МОЙ РОМАН: ИЛИ, РАЗНООБРАЗИЯ В АНГЛИЙСКОЙ ЖИЗНИ. [11]
ПИСИСТРАТА КЭКСТОНА.
ГЛАВА XIII.
Леонард и Хелен поселились в двух маленьких комнатках в небольшом переулке. Окрестности были довольно скучными — жилье скромным; но у их хозяйки была улыбка. Это была причина, возможно, почему Хелен выбрала эти комнаты; улыбка не всегда находится на лице хозяйки, когда жилец беден. И из своих окон они видели зеленое дерево, вяз, который рос красивым и высоким во дворе плотника сзади. Это дерево было как еще одна улыбка для этого места. Они видели, как птицы прилетали и улетали в его укрытие; и они даже слышали, когда поднимался ветерок, приятный шум его ветвей.
В тот же вечер Леонард отправился на старую квартиру капитана Дигби, но не смог узнать там ничего ни о друзьях, ни о покровителях Элен. Люди там жили грубые и приземленные; они заявили, что капитан все еще должен им 1 фунт 17 шиллингов. Впрочем, обоснованность этого требования казалась весьма сомнительной, и Элен решительно его отрицала. На следующее утро Леонард отправился на поиски доктора Моргана. Он решил, что лучше всего будет узнать адрес доктора в ближайшей аптеке. Аптекарь любезно заглянул в «Придворный справочник» и направил его в дом на Булстрод-стрит, что у Манчестер-сквер. Леонарду удалось найти эту улицу, и он был немало поражен убожеством Лондона. Скрустоун казался ему куда более красивым городом, чем этот.

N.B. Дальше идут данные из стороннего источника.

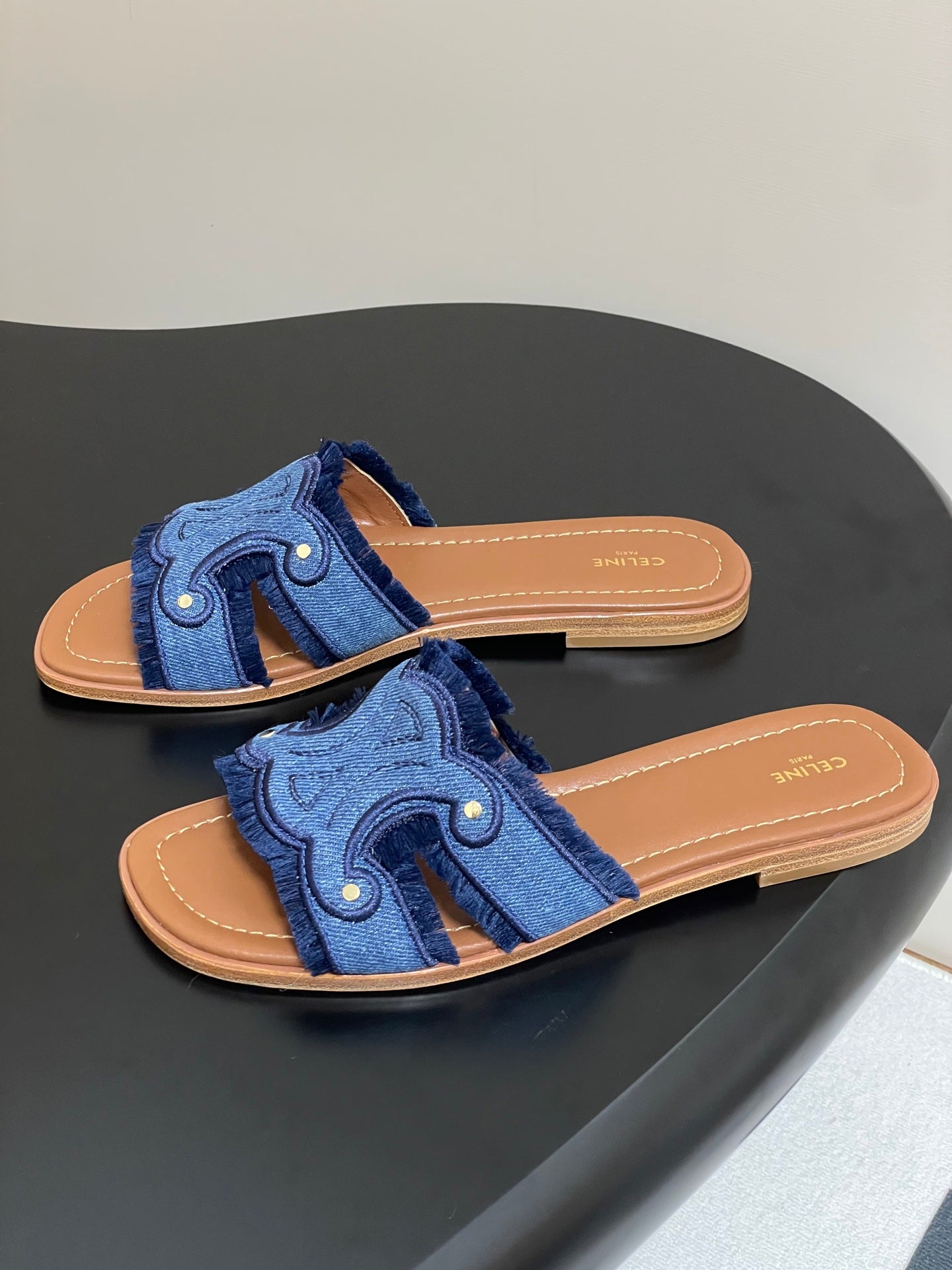 CL Marina Fringed Flat Mule In Blue Denim 319736

Дверь открыл оборванный слуга, и Леонард заметил, что узкий коридор завален ящиками, сундуками и всякой мебелью. Его провели в небольшую комнату с огромным круглым столом, на котором лежали различные труды по гомеопатии, «Кимврийский Плутарх» Парри, «Кельтские изыскания» Дэвиса и воскресная газета. Гравюра с портретом прославленного Ганемана занимала почетное место над каминной полкой. Через несколько минут дверь во внутреннюю комнату отворилась, появился доктор Морган и вежливо произнес: «Проходите, сударь».
Доктор сел за письменный стол, мельком взглянул на Леонарда, а затем на большой хронометр, лежавший на столе. «У меня мало времени, сударь — я уезжаю за границу; а теперь, когда я уезжаю, пациенты повалили ко мне толпой. Слишком поздно. Лондон раскается в своем равнодушии. Пусть!»
Доктор величественно помолчал и, не заметив на лице Леонарда того смятения, которого ожидал, раздраженно повторил: «Я уезжаю за границу, сударь, но я составлю синопсис вашего случая и оставлю его своему преемнику. Хм! Волосы каштановые; глаза — какого цвета? Посмотрите сюда — синие, темно-синие. Гм! Конституция нервная. Каковы симптомы?»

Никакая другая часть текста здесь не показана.